Oh and for all you people who like to scare loved ones and friends with random info:

Safety concerns

As with the Relativistic Heavy Ion Collider (RHIC), people both inside and outside of the physics community have voiced concern that the LHC might trigger one of several theoretical disasters capable of destroying the Earth or even our entire Universe.

These include:

-Creation of a stable black hole[7]
-Creation of strange matter that is more stable than ordinary matter
-Creation of magnetic monopoles that could catalyze proton decay
-Triggering a transition into a different quantum mechanical vacuum (see False vacuum)


CERN performed a study to investigate whether such dangerous events as micro black holes, strangelets, or magnetic monopoles could occur.[8]

The report concluded, "We find no basis for any conceivable threat." If black holes are produced, they are expected to evaporate almost immediately via Hawking radiation and thus be harmless, although the existence of Hawking radiation is currently unconfirmed. Perhaps the strongest argument for the safety of colliders such as the LHC comes from the simple fact that cosmic rays of much higher energies than the LHC can produce have been bombarding the Earth, Moon and other objects in the solar system for thousands of millions of years with no such effects.

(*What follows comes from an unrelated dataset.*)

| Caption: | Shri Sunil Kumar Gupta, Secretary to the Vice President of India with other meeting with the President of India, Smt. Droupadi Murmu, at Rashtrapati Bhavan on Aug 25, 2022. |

However, some people remain concerned about the safety of the LHC such as the science watchdog group called the Lifeboat Foundation which has covered these dangers in detail. As with any new and untested experiment, it is not possible to say with utter certainty what will happen. John Nelson at Birmingham University stated of RHIC that "it is astonishingly unlikely that there is any risk - but I could not prove it."[9] In academia there is some question, albeit among a minority of scientists, of whether the Hawking radiation theory is correct.[10] RHIC has been running since 2000 and has generated no major problems.
 
Ricochet J said:
Yup. They're accellerating to about 98% 99% the speed of light! :) At that speed the photons might weigh as much as me or you!

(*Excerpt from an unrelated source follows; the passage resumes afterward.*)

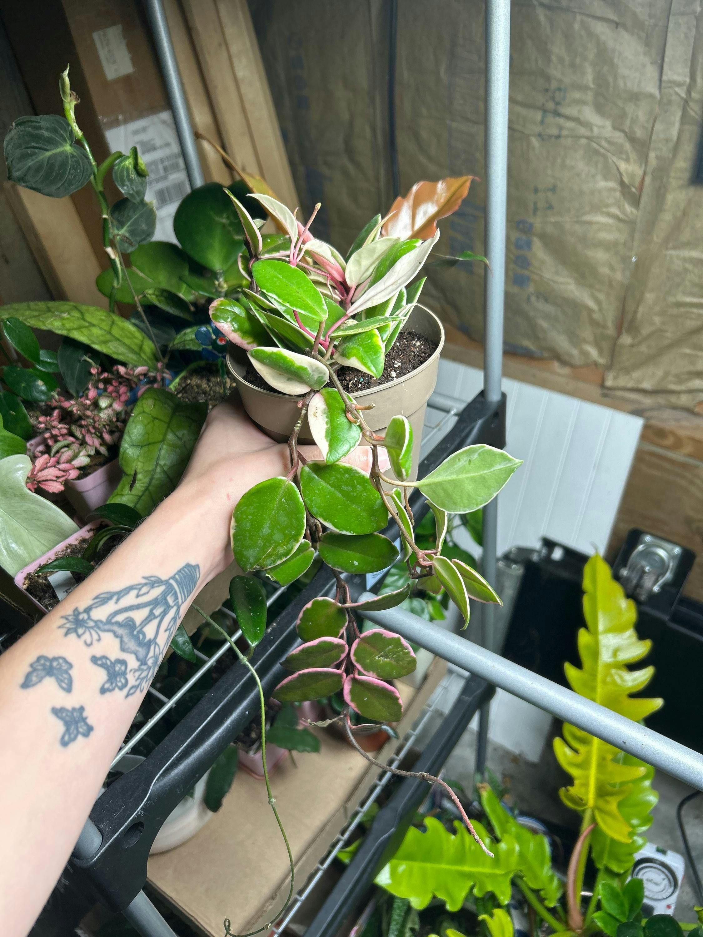 Hoya Flamingo Dream (Hoya carnosa ‘Purple Pride’) is a new sport variety that has elongated, veiny, and bright pink foliage. It is very similar to the Hoya Carnosa ‘Purple Pride’ which also sports the same type of very colorful foliage that keeps us all eagerly anticipating each and every new leaf. This plant loves to climb and does well when given a trellis or pole. New growth is brightly colored and does eventually fade to green as other tricolor Hoya.

Then they ram them into each other. Its just the high tech equivalent of banging a few rocks together. :D
 
Hope it does create something we've never seen before. It's definetely something that hasn't been tried before. Might aswell get everything I've ever wanted to do done quick before anyone else realises! :p
 
FosterK said:
That's over a billion Km/H =|

Erk.
and there are 2 counter-rotating beams so a closing velocity of > 2x10^9 km/h :eek:

If you were travelling at the speed of one of the beams you could travel around the equator about 7.5 times a second, or get to the moon in about 1.4 seconds, beggers belief really!!
 
Ricochet J said:
At that speed the photons might weigh as much as me or you!

You mean protons? Photons are massless and naturally travel at the speed of light.

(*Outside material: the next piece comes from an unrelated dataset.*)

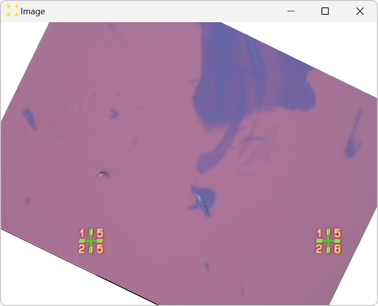 Figure 3. Opened optical image with transformation marks (green marks are used in this example; the color can be changed, as discussed below) placed by SVGMarks. The image shows graphene flakes of different thicknesses (from a monolayer to a thick multilayer). Three gold marks (in yellow), patterned by electron-beam lithography, are also visible. They define the local coordinate system of the image. In this image, the sample is deliberately rotated counter-clockwise by about 26 degrees to demonstrate the capabilities of SVGMarks. In reality, the axes of the local coordinate system should be as parallel as possible to the edges of the image (i.e., the line connecting the two lowest patterned marks should be as parallel as possible to the horizontal edge of the image).

And given the Lorentz factor, at 99% the speed of light protons will have a mass 50.251 times larger than what they do at rest.
 
Col_M said:
If you were travelling at the speed of one of the beams you could travel around the equator about 7.5 times a second, or get to the moon in about 1.4 seconds, beggers belief really!!

...and with time-dilation it would seem much faster to you.

Of course, you would have to factor in the acceleration / deceleration when going to the moon, which would have to be pretty mild to avoid squashing you against the rear of the spacecraft (star-trek style inertial dampers aside...).